A police report said Jeffrey Laude, 26, of Barangay (village) West Tapinac here, checked in with a “male, white foreigner” at the Celzone Lodge on Magsaysay Drive at 11:30 p.m. Saturday. The foreigner, however, left the hotel alone a few minutes after he and Laude entered their room.
Police said Elias Gallamos, one of the hotel’s room attendants, saw the suspect go out of the room, leaving the door ajar.
Gallamos later checked the room but saw a pair of slippers near the bathroom. He said he left the room, believing somebody was still there.
Police said Gallamos returned to the room at 11:45 p.m. and discovered Laude’s body, his head slumped in the toilet. Police said Laude could have been strangled and killed.
Another witness, Mark Clarence Gelviro, 22, the victim’s friend, said he and Laude met the suspect at the Ambyanz Disco Bar, also on Magsaysay Drive, at 10:55 p.m.
Gelviro told the police that Laude asked him to accompany them to the hotel.
He said Laude, when they reached the hotel, then asked him to leave before the foreigner could discover that they were transgenders.
Both Gallamos and Gelviro described the suspect as having “white complexion, with marine-style cut of hair,” standing between 5’8″ and 5’10” and between 25 and 30 years old.
The suspect, police said, was wearing a white and blue striped shirt with white sleeves, and black shorts when he and Laude checked in at the hotel.
Marilou Laude, a sister of the victim, told the Philippine Daily Inquirer that the suspect could be a US serviceman based on the descriptions given by the witnesses.
She asked the police to prevent US ships docked here from leaving Subic Bay pending the investigation.
“What we fear now is that those US ships will leave anytime soon and this will make it hard for us to seek justice,” Marilou Laude told the INQUIRER.
Chief Insp. Gil Arizo Domingo of the Olongapo City Police Station 3 appealed to Laude’s relatives not to jump to conclusions on the foreigner’s identity and background.
Still Domingo said that they have started coordinating with the Law Enforcement Department of the Subic Bay Metropolitan Authority (SBMA) to allow them to board the American ships docked inside the Subic Bay Freeport to investigate the case.
Two US warships arrived here on Sept. 27 in time for war exercises between American and Filipino troops in the West Philippine Sea. Two days earlier, some 500 American sailors arrived here for a routine port call.

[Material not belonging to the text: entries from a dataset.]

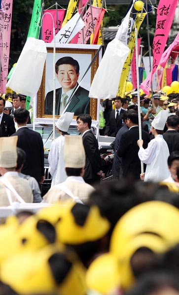 在景福宮遺體告別儀式結束后于中午12時30分出發(fā)的盧武鉉的靈車,經(jīng)由東十字閣、世宗路和太平路,于下午1時20分抵達首爾廣場。
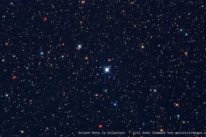В ночь с 14 на 15 августа астроном-любитель Коити Итагаки обнаружил в созвездии Дельфина новую звезду, которой не было на любительских картах звездного неба. Блеск звезды составил 6,8m, а затем вырос до 4,3m, что уже позволяет увидеть вспышку невооруженным глазом из мест, благоприятных для астрономических наблюдений. В сельской местности, вдали от городской засветки, человек с нормальным зрением может видеть звезды 5,5 величины (чем меньше величина, тем более яркой кажется звезда, шкала логарифмическая).
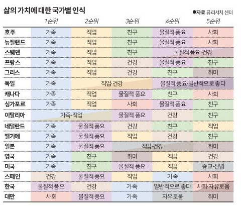 작성자딥치즈 베이컨 포테이토 작성시간 26.01.30 우리나라는 전쟁 겪고 너무 힘든 시기를 거쳐와서 그렇다고 했었는데..가족을 지키기 위한 물질적 풍요가 1위라고 전에 봤던 영상 생각난다

“There are [thousands of American] troops in those ships and it would be difficult for us to track the suspect, if ever he is a US serviceman,” Domingo said.
Domingo said the Visiting Forces Agreement (VFA) also limited the local police’s authority in immediately carrying out further investigation of US servicemen tagged in crimes.
The INQUIRER on Sunday afternoon tried but failed to reach Kurt Hoyer, press attaché at the US Embassy in Manila, for a statement on the suspicion of Laude’s family that the suspect could be a US soldier. In the five times that the INQUIRER called, Hoyer’s mobile phone was unattended.
A press statement from the US Embassy in Manila said at least 1,400 US troops participating in the annual Philippine Amphibious Landing Exercise were on board the USS Peleliu (LHA 5) and the USS Germantown (LSD 42) when the two ships docked here last month.
The 500 American sailors aboard USS Frank Cable, according to a previous press release from the US Embassy, were “eager to enjoy Olongapo City and strengthen their understanding of a country with deep historical ties to the US and the US Navy.”
“This visit will allow the ship to replenish supplies and give the crew an opportunity for rest and relaxation,” it said.